What difference a year or two makes in the swaggering, high-stakes world of rock 'n' roll. When, at the beginning of 2016, it was announced three fifths of Guns N' Roses's heyday line-up would regroup to headline Coachella, for millions of fans across the globe it was an eye-watering revelation.

It was no hyperbole when the subsequent tour was named Not in This Lifetime… – repurposing singer Axl Rose's earlier retorts on ever again sharing the stage with top hat-touting guitarist Slash.

And when, barely a year later, that dream reunion landed in Dubai, it was a genuine pinch-me moment for the 30,000 fans squinting at Axl, Slash and bassist Duff McKagan assembled incongruously on the same stage for the first time in 23 years – I know, I remember, I was there.

The question is how many of those fans will muster half that level of excitement when the same classic line-up arrives in Abu Dhabi this weekend. Du Arena previously welcomed Rose's pre-reunion version of GN'R – without Slash and Duff – in 2010 and 2013. This means more loyal fans will be looking forward to a fourth trip to Paradise City in just eight years.

Long time coming

Sunday's concert could prove historic – the Abu Dhabi Grand Prix special closes the Asia stretch of the reunion tour's 10th leg. The gig will be the 157th night of a 31-month jaunt, which looped the world twice, played to five million people and is on track to be declared the second highest-grossing tour of all time – overtaking even their idols The Rolling Stones.
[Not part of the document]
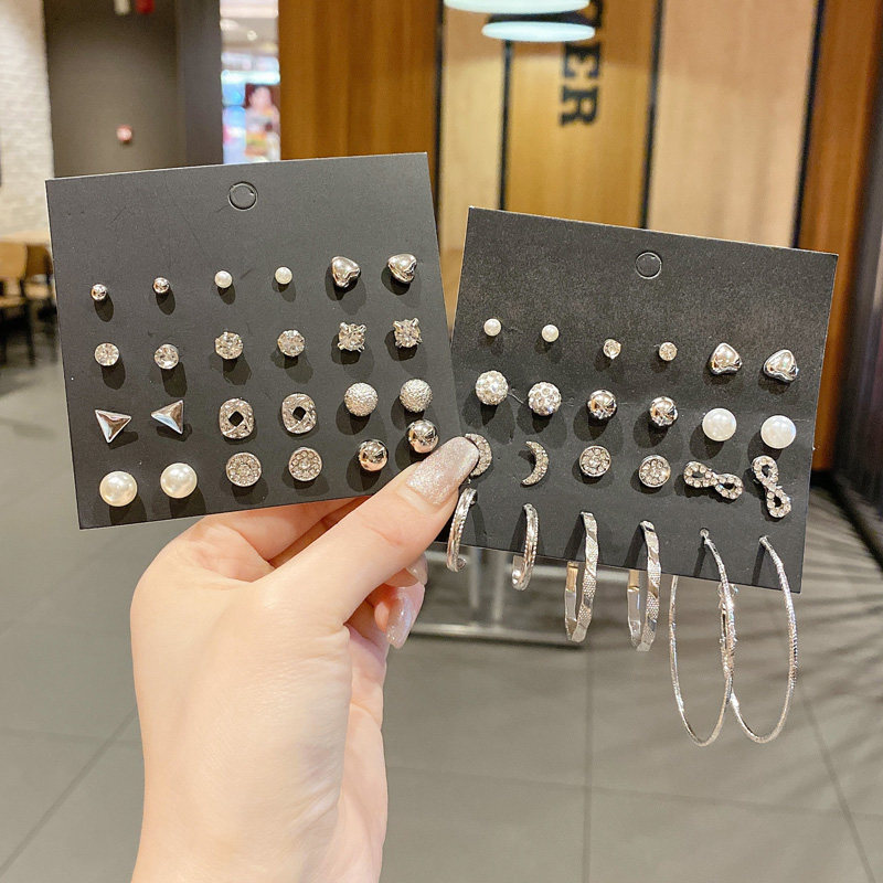 Nine sets of small ear rings twelve pieces of large earrings golden 2#十二件套大号耳圈 silver twelve pieces of treehorn gold twelve pieces of set ear-pin silver sea star 6 pieces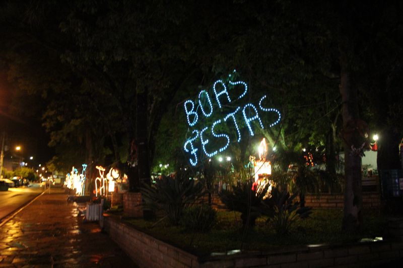 A Praça Central Antônio Navarini esta maravilhosamente iluminada com enfeites natalinos reaproveitados de anos anteriores e feitos com material reciclável.

Only U2 has banked more from a single outing than GN'R's projected earnings of $600 million (Dh2.2 billion) – clocking a cool average of $3.8m a night to date.

But after the UAE, just two more dates are confirmed – a stop in Johannesburg before the December 8 finale in Honolulu, Hawaii. And with Slash on the road with his solo project for much of next year – setting off from January and including a slew of European summer festivals – this really could be your last chance to catch the most iconic rock band of the past 30 years, in this lifetime, or any other.

Rocking Hong Kong

The final stop before Abu Dhabi was Hong Kong, where GN'R performed two gigs at the 16,000-capacity AsiaWorld-Expo – with Wednesday's second night offering surely the greatest indication of what to expect when the band takes to the stage in the UAE some 96 hours later.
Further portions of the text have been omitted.